Data excerpts:
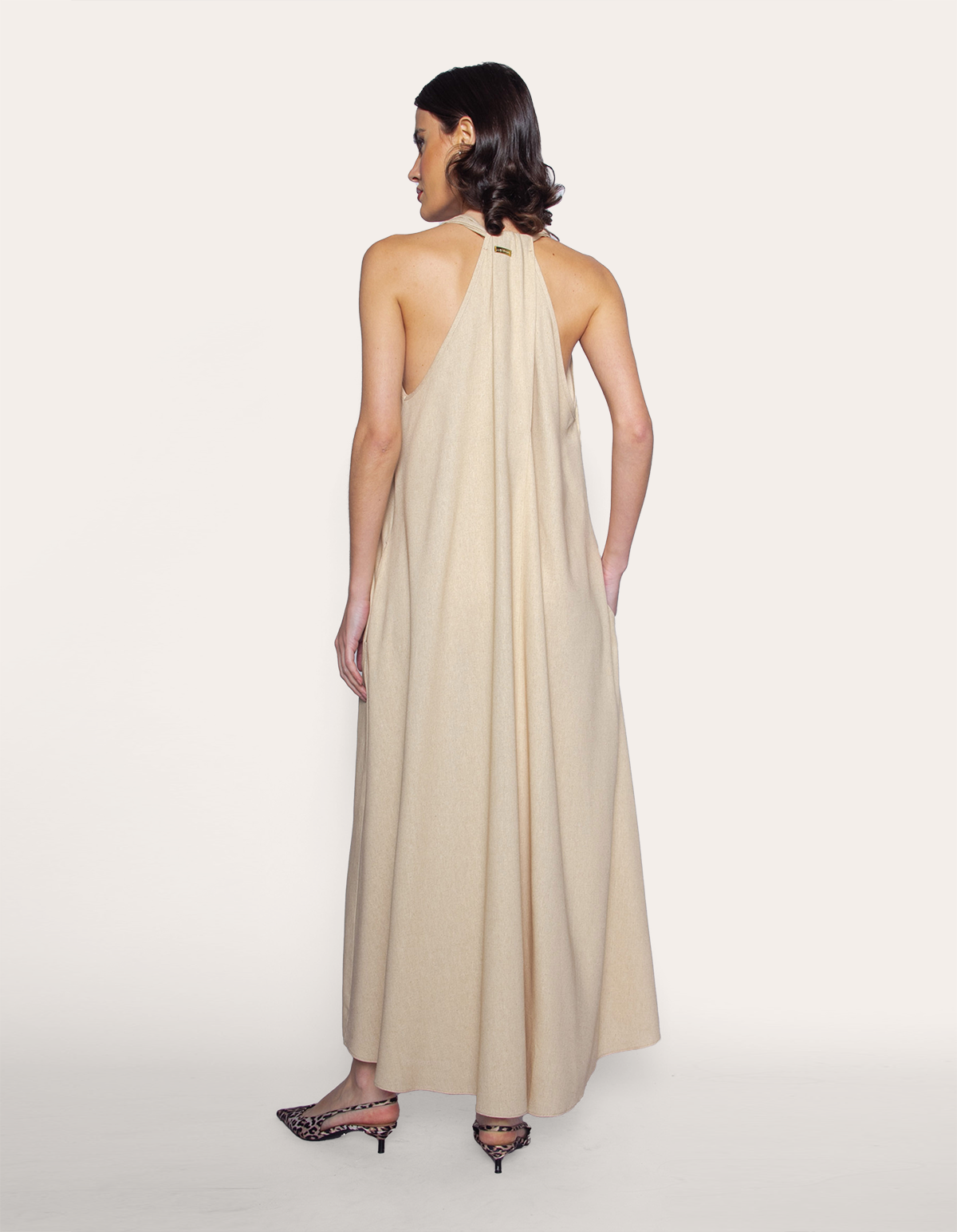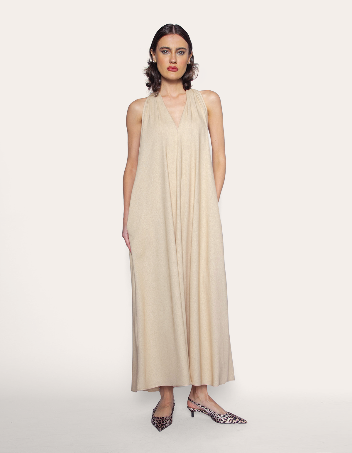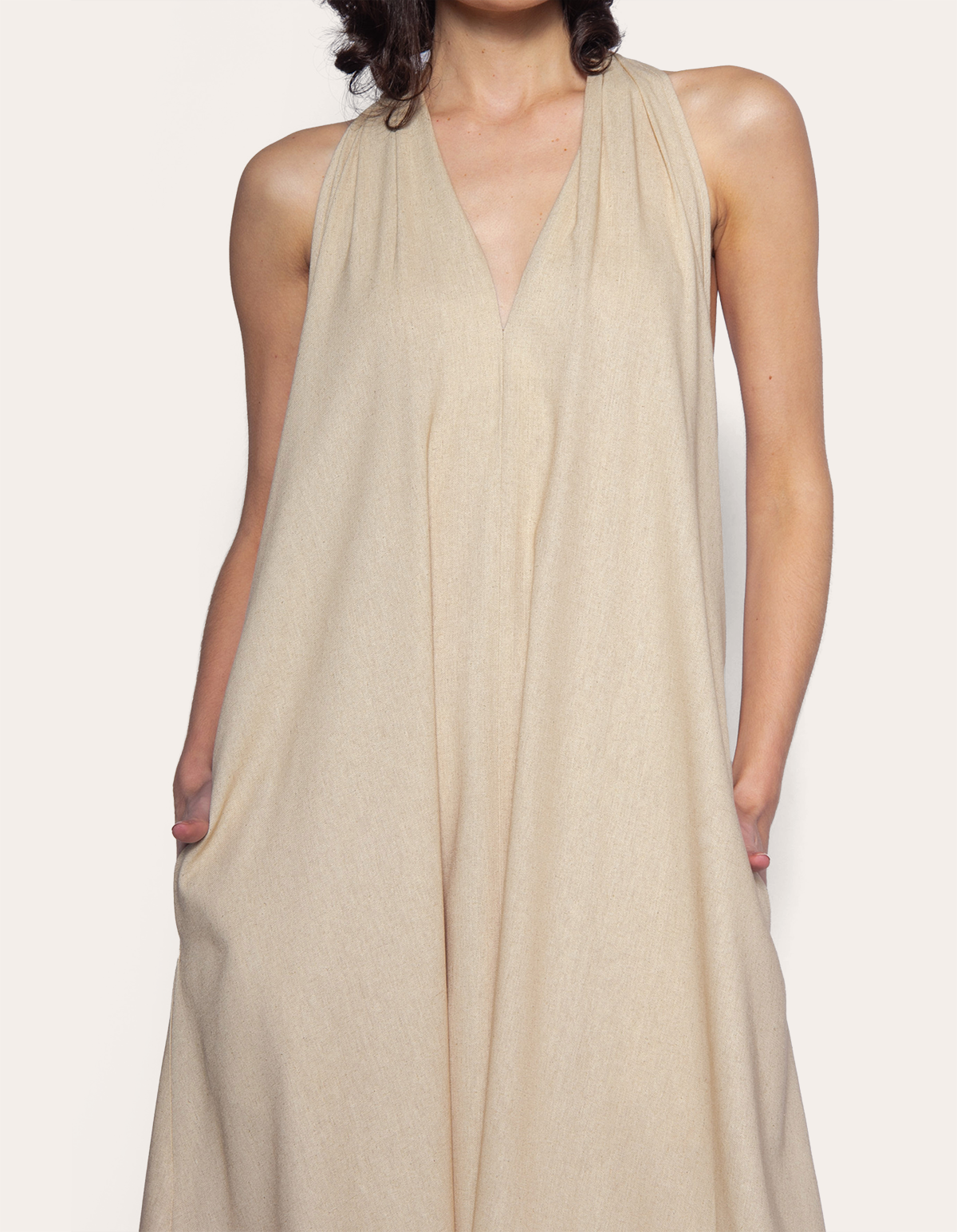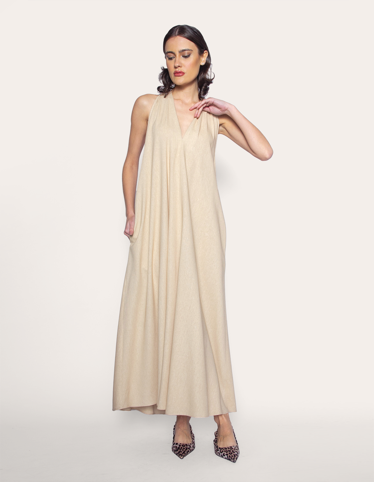Vestido longo com modelagem ampla, decote V profundo, cava generosa e dois bolsos laterais funcionais.
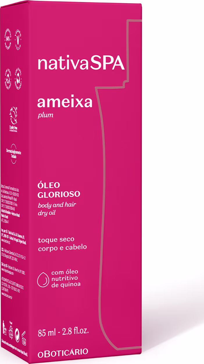 O Óleo Glorioso Nativa SPA Ameixa tem ação multifuncional: pele e cabelo nutridos com explosão de fragrância. Ver mais ❯
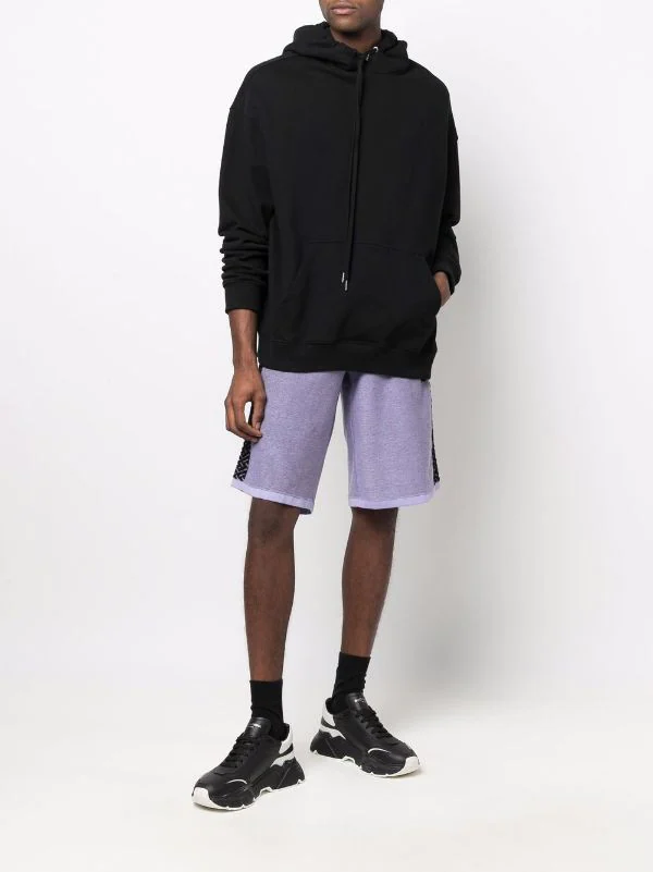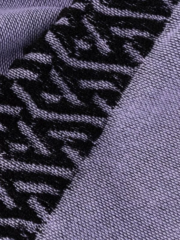 Taille élastique à lien de resserrage, imprimé La Greca signature, logo brodé sur le côté, coupe droite. Couleur : violet. Matière : coton mélangé.
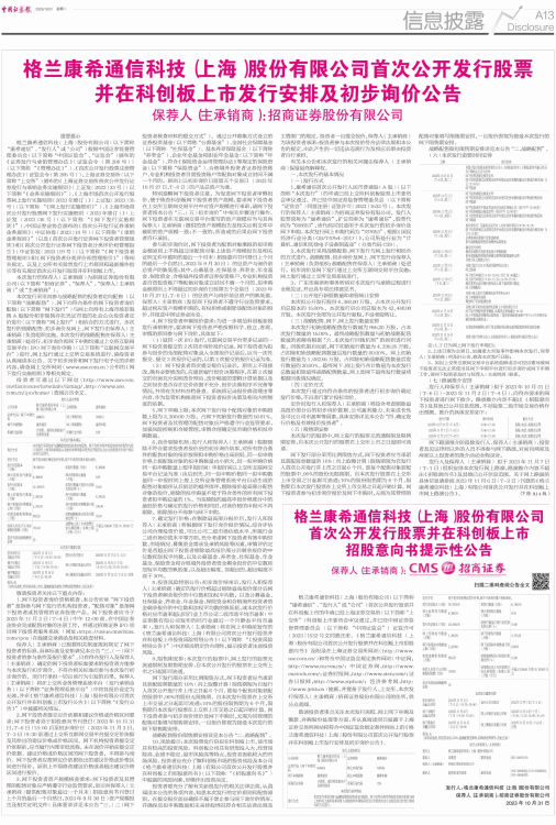 格兰康希通信科技(上海)股份有限公司首次公开发行股票
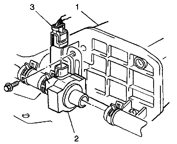 4. Connect the EVAP canister vent solenoid electrical connector (3) to the EVAP canister vent solenoid (2).
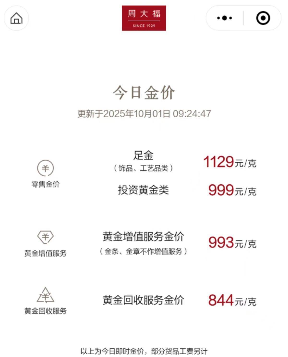 国内多家品牌金饰价格跟涨。其中,周生生足金饰品价格涨至1130元/克,周大福足金饰品价格涨至1129元/克。
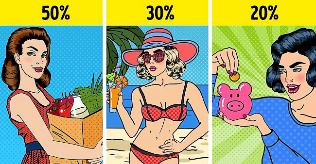 Это правило можно использовать для управления бюджетом. Оно должно разделить ваши доходы на 3 категории:

- **What is expected**
Please retype exactly the lines from the line containing "4. Connect the" through the final line of the records above, inclusive, leaving out any pictures.

- **The completed task**
 4. Connect the EVAP canister vent solenoid electrical connector (3) to the EVAP canister vent solenoid (2).
 国内多家品牌金饰价格跟涨。其中,周生生足金饰品价格涨至1130元/克,周大福足金饰品价格涨至1129元/克。
 Это правило можно использовать для управления бюджетом. Оно должно разделить ваши доходы на 3 категории:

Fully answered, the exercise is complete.